In the material below, the required lines run from the one containing "Stylized 3D Database Icon with Plus Sign" through the one containing "opn_120c_kd.gif | ||". Copy those lines exactly, ends included, and nothing else.
-------- RECORDED INFORMATION --------
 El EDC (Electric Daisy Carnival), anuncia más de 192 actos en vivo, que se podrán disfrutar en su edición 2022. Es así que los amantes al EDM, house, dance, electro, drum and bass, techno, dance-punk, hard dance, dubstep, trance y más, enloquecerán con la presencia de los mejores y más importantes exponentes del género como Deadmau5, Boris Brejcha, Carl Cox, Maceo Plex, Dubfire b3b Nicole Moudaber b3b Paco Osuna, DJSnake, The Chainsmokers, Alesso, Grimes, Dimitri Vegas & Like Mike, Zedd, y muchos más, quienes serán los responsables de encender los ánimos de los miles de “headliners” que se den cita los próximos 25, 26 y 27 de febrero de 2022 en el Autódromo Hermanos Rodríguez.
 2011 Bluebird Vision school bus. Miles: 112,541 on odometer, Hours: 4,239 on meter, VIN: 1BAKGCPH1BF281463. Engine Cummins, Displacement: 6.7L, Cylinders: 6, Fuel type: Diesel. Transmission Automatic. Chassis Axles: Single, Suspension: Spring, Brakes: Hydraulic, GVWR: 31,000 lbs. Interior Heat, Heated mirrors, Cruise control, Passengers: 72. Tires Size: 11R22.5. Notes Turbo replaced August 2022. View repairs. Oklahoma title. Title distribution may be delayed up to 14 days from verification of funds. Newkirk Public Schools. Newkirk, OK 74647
--------
-------- RECORDED INFORMATION --------
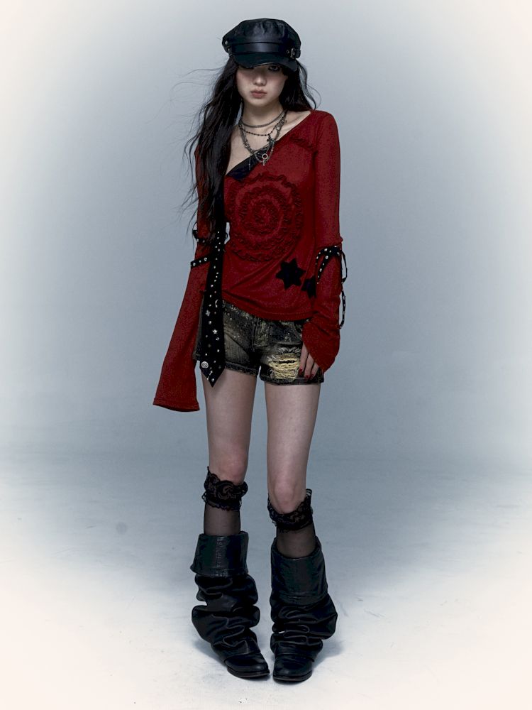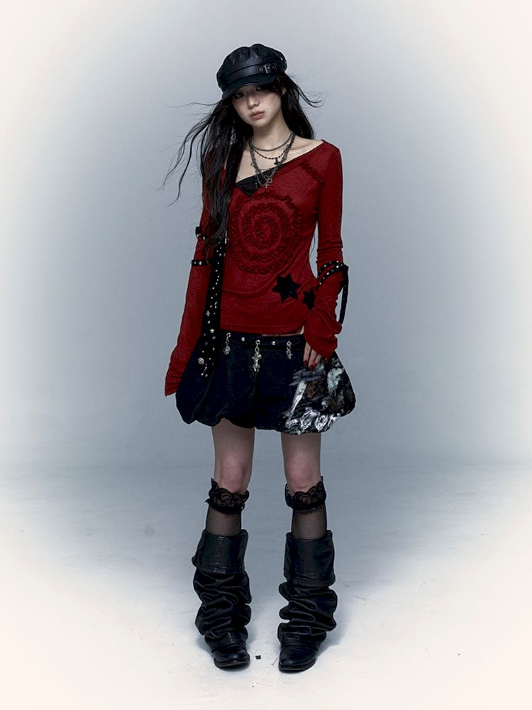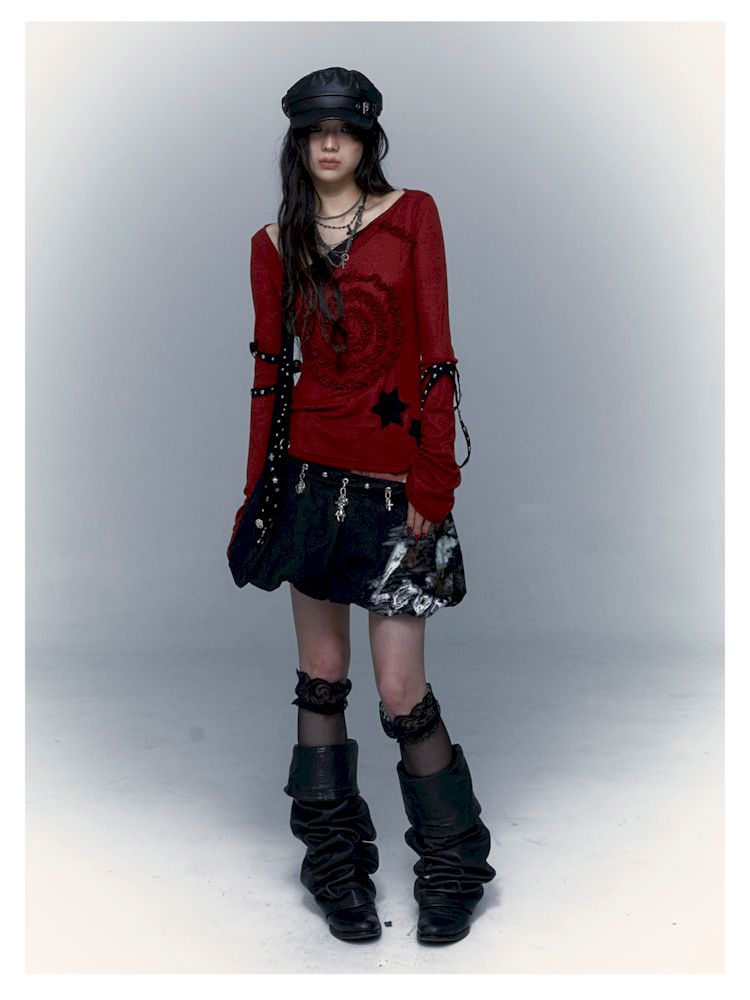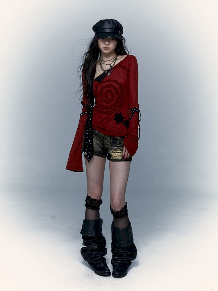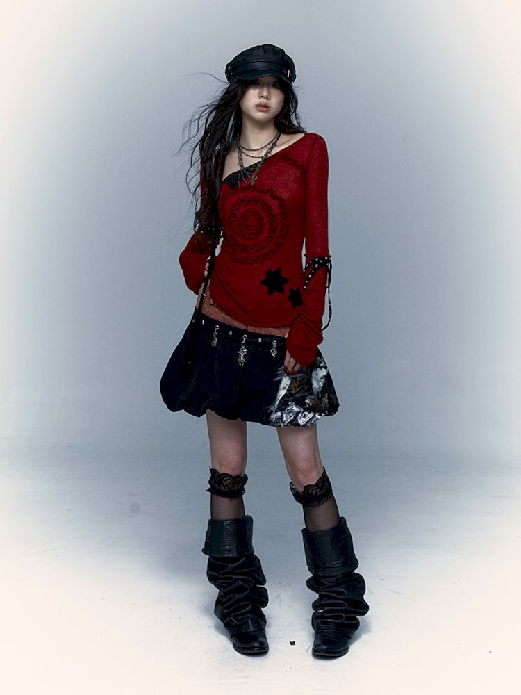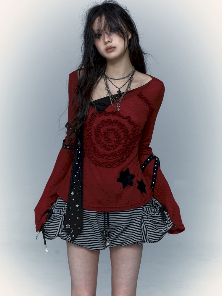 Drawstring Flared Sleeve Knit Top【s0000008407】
--------
-------- RECORDED INFORMATION --------
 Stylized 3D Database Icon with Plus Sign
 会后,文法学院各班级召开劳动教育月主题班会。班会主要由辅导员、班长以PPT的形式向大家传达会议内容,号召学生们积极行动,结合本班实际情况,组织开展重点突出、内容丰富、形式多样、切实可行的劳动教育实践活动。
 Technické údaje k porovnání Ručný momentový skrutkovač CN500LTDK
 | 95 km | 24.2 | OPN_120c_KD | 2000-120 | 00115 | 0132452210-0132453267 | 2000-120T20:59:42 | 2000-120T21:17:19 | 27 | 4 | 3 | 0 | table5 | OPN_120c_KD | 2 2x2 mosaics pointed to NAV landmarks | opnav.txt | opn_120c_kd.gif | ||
--------
■ WRITTEN REPLY ■
 Stylized 3D Database Icon with Plus Sign
 会后,文法学院各班级召开劳动教育月主题班会。班会主要由辅导员、班长以PPT的形式向大家传达会议内容,号召学生们积极行动,结合本班实际情况,组织开展重点突出、内容丰富、形式多样、切实可行的劳动教育实践活动。
 Technické údaje k porovnání Ručný momentový skrutkovač CN500LTDK
 | 95 km | 24.2 | OPN_120c_KD | 2000-120 | 00115 | 0132452210-0132453267 | 2000-120T20:59:42 | 2000-120T21:17:19 | 27 | 4 | 3 | 0 | table5 | OPN_120c_KD | 2 2x2 mosaics pointed to NAV landmarks | opnav.txt | opn_120c_kd.gif | ||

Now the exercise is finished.